Base metals face long slump, Wood Mackenzie analyst Julian Kettle
Wood Mackenzie’s Julian Kettle says China’s early resurgence may not save the mining and metals sector from a tough few years.
One of the mining sector’s top analysts says the sector could be in for a long haul as developed economies recover from the coronavirus, saying China’s early resurgence may not save the sector from a tough few years ahead.
Wood Mackenzie metals and mining vice chairman Julian Kettle told The Australian there was a 60 per cent chance his worst fears for the sector may come to pass, saying his “slump scenario” for the industry suggests conditions for base metals miners could soon be worse than they were in the early 1990s.
In a post to WoodMac’s blog on Thursday, Mr Kettle said the outlook for iron ore and metallurgical coal was good, but expectations of a quick recovery for the rest of the metals and mining sector could be at risk.

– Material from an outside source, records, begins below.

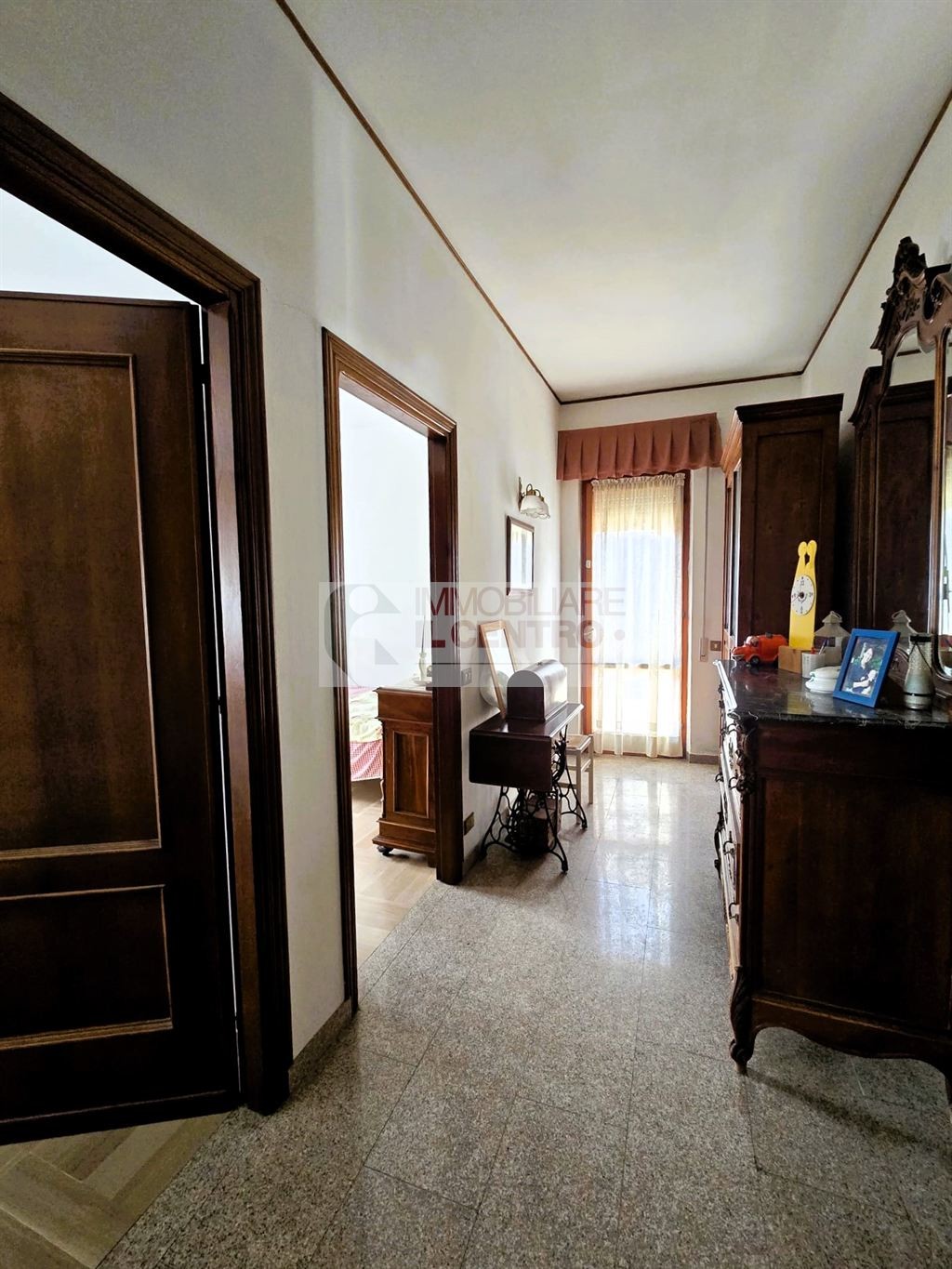 L'immobile si sviluppa al piano primo ed ultimo di bifamigliare ed è composto da terrazza d'ingresso da dove si accede al disimpegno, sala da pranzo con cucinotto, ampio soggiorno con balcone, 3 camere da letto, doppi servizi ed ulteriore terrazza; al piano superiore troviamo la soffitta di ulteriori 100 mq. attualmente suddivisa in 4 vani.
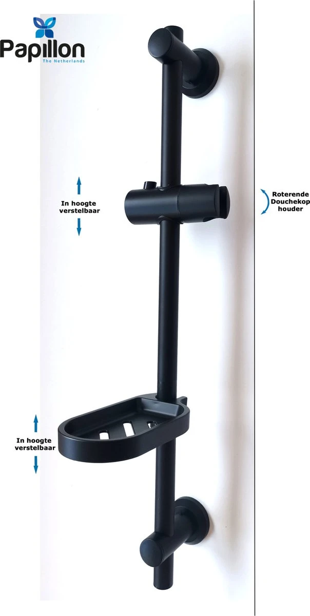 Op zoek naar een zwarte douche glijstang? Dan is deze Papillon Glijstang ideaal. De stang wordt compleet in mat zwart afgeleverd inclusief zeepschaal en verstelbaar glijstuk als handige douchekophouder.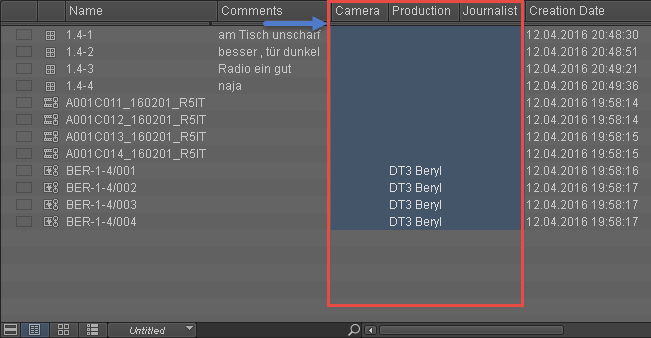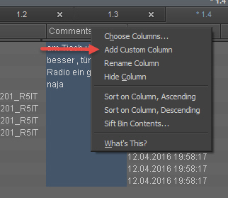 Da es oft vorkommt, dass mehrere Elemente eines Bins in einer Spalte den gleichen Wert haben, ist es ab jetzt möglich, diese Elemente zu markieren und einen Wert einzugeben, der dann für alle gilt. Der Weg ist allerdings etwas kompliziert: Man kennzeichnet alle Elemente im Bin, die in einer der Spalten einen gleichen Wert erhalten sollen, klickt danach rechts in die entsprechende Spalte, aber nicht in deren Kopf, um dort »Set <Column name> for selected clips…« auszuwählen und gibt dann den gewünschten Wert ein, der nach einer Sicherheitsabfrage eingetragen wird. Trotz des leicht komplizierten Weges sehr sinnvoll, um Material besser sortieren/verwalten zu können.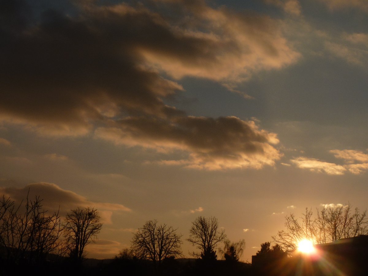 Slabý vítr,tlak 1013 hPa,západ Slunce do zatažené oblačnosti.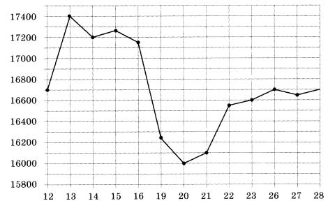 2 | На рисунке жирными точками показана цена олова на момент закрытия биржевых торгов во все рабочие дни с 12 по 28 ноября 2007 года. По горизонтали указываются числа месяца, по вертикали — цена тонны олова в долларах США. Для наглядности жирные точки на рисунке соединены линией. Определите по рисунку разность между наибольшей и наименьшей ценой олова на момент закрытия торгов в указанный период (в долларах США за тонну).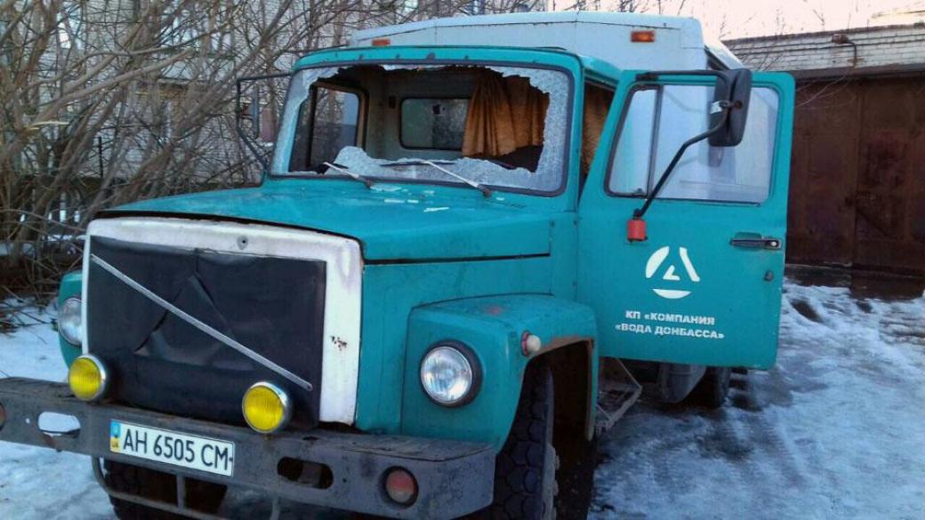 Коммунальное предприятие «Компания „Ввода Донбасса“» опубликовала снимки попавшей под обстрел сегодня служебной машины.
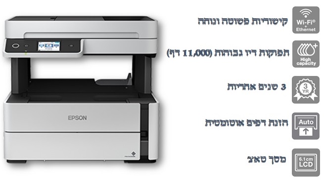 מדפסת משולבת אפסון פקס,סורק.מכונת צילום הזרקת דיו צבעונית דופלקס אלחוטית Epson EcoTank M3170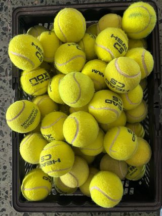 Se venden 17 pelotas de tenis y pádel usadas. Están en buen estado y listas para usar. - Incluye 17 pelotas en total. - Ideales para practicar tenis o pádel. - Son de color amarillo.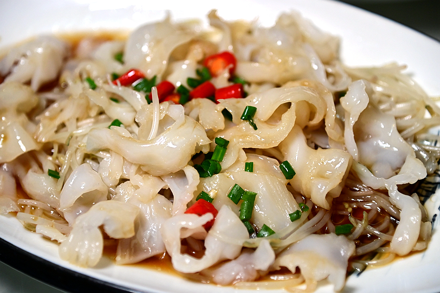 芥味螺片,洁白如玉,晶莹剔透,秘制酱料拌的滋味不俗,那一抹芥味更是画龙点睛。
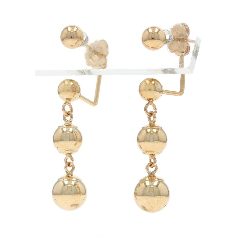 Yellow Gold Graduated Bead Front-Back Dangle Earrings - 14k Pierced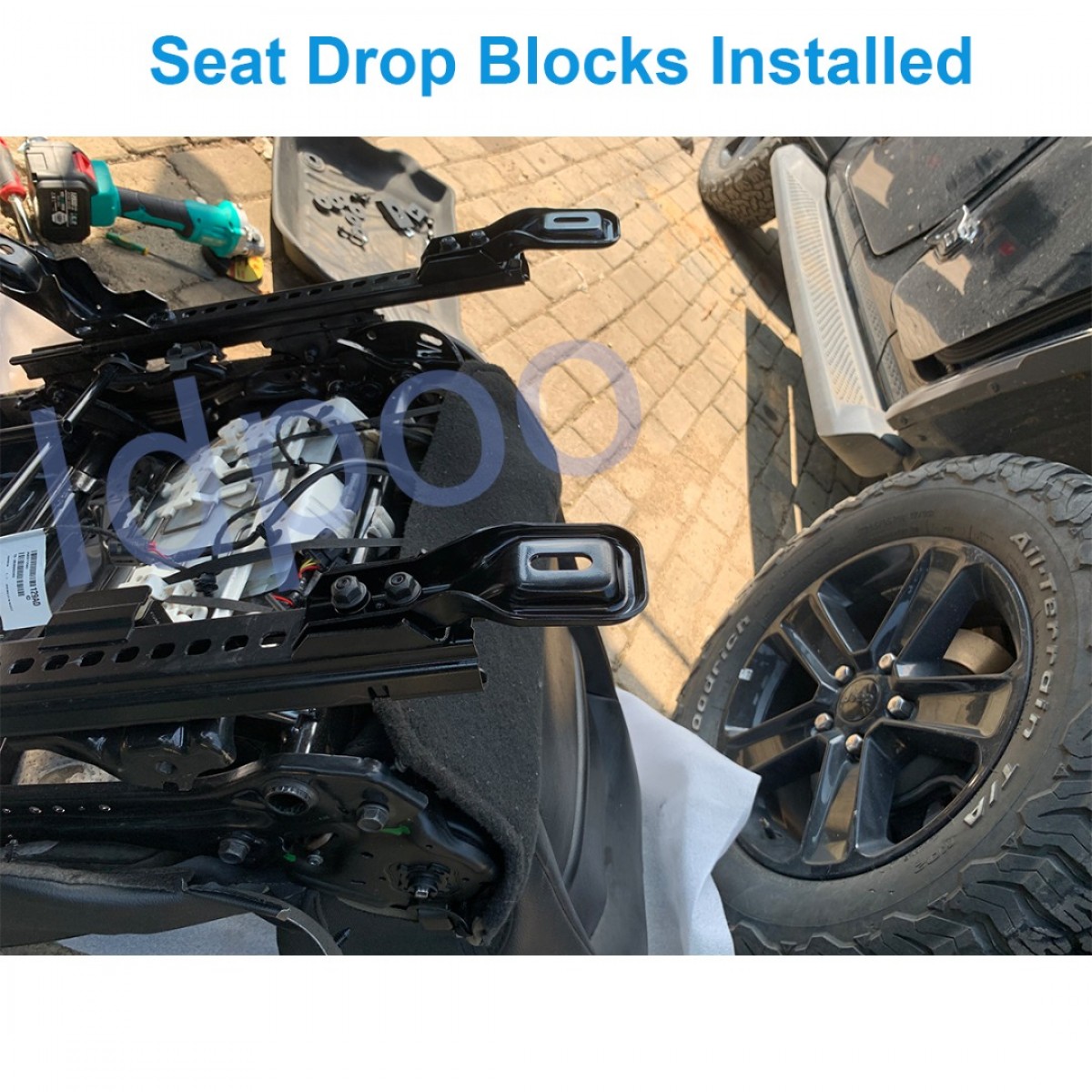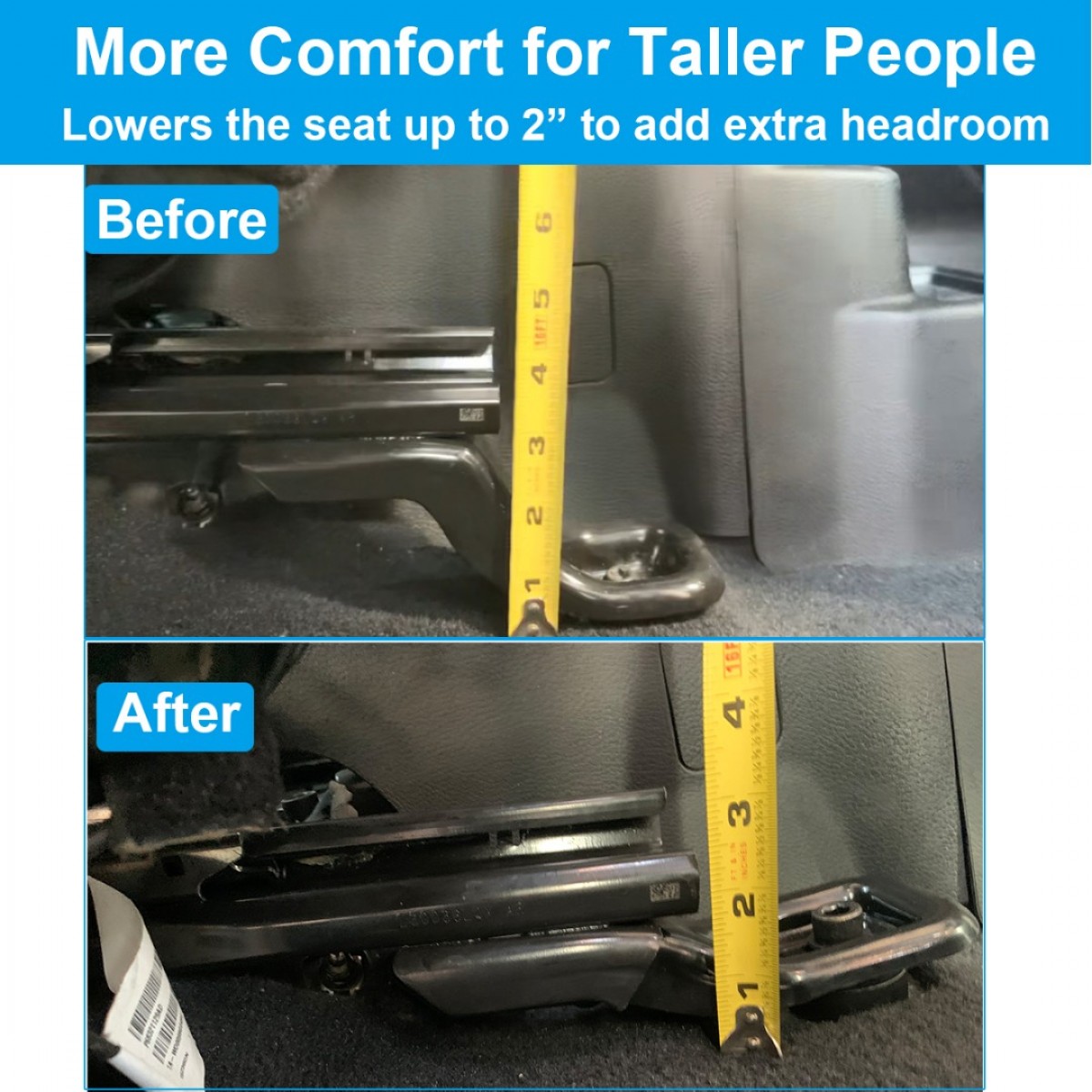 - [More Comfort for Taller People] Installs to the rear of the driver or passenger seat(Manual or Power Seats), Allows approximately 1"-2" of seat drop,Gives you more headroom and helps you avoid bumping you head on the frame.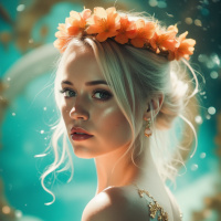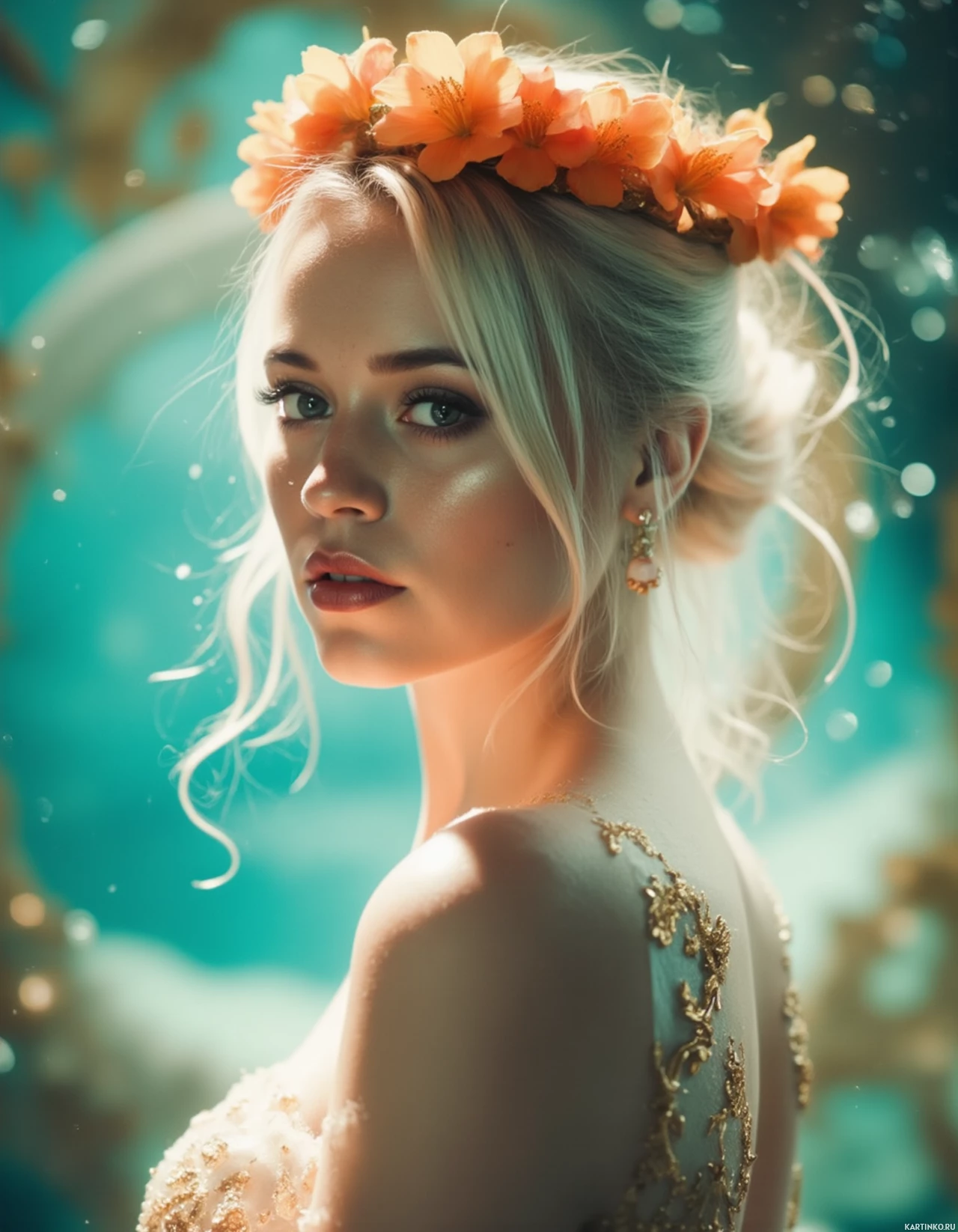 a young woman with blonde hair, adorned with an orange flower crown and dressed in a white dress embellished with gold embroidery. The background of the image is blurred, but it appears to be a teal-colored wall or backdrop. In the foreground, the woman's face is prominently featured, showcasing her fair skin and piercing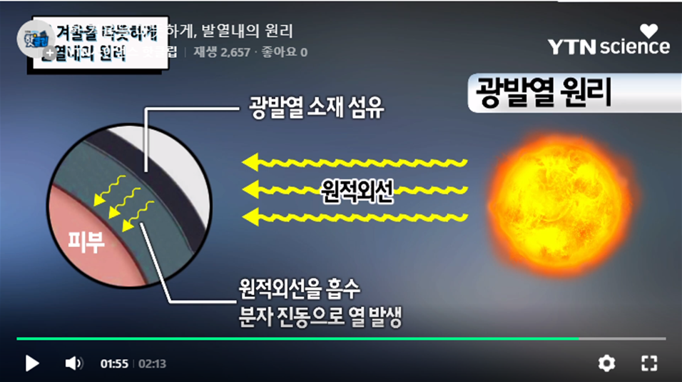 - 태양광에서 원적외선이 방출되면 피복(발열내의)에 닿아 광발열 섬유가 원적외선을 흡수하여 분자진동으로 열을 발생하여 피부에 공급함으로써 우리 몸을 따뜻하게 하는 원리입니다.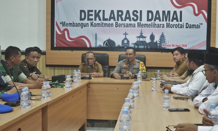 Beritadetik.id – Pemerintah Kabupaten (Pemkab) Pulau Morotai bersama unsur Forkopimda, tokoh agama, dan tokoh masyarakat menggelar rapat koordinasi sekaligus Deklarasi Damai “Membangun Komitmen Bersama Memelihara Morotai Damai“. Kegiatan strategis ini berlangsung di Aula Polres Pulau Morotai, Desa Daruba, Kecamatan Morotai Selatan, pada Senin (06/04/2026).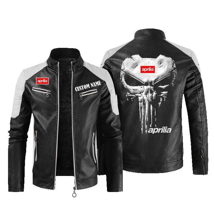 Custom Name Punisher Skull Aprilia Leather Biker Jacket

“My slump scenario combines a recession of the severity of 2009, without the sharp recovery, and the low growth rates of the early 1980s or 1990s. What does this grim economic outlook mean for the world of mining and metals? It certainly has the potential for massive demand destruction, an extended period of oversupply and prices that chase costs downwards,” he said.
Mr Kettle told The Australian he believed his slump scenario was likely being factored in by global equity markets.
“The concern I've got is that China is off to the races, producing all of these goods, but who is going to buy them when we’re in lockdown?” he said.
“Am I going to go out and buy an electric car for $30,000 when I can buy a petrol car for $16,000? Nope, I'm going to buy a petrol car — or I'm going to keep my old car because I'm worried about my job.
“I think for the next couple of years we’re going to be in a situation where consumers are going to be extremely reluctant to spend.”
And expectations China’s internal demand may bolster the sector may also be wrong, he said.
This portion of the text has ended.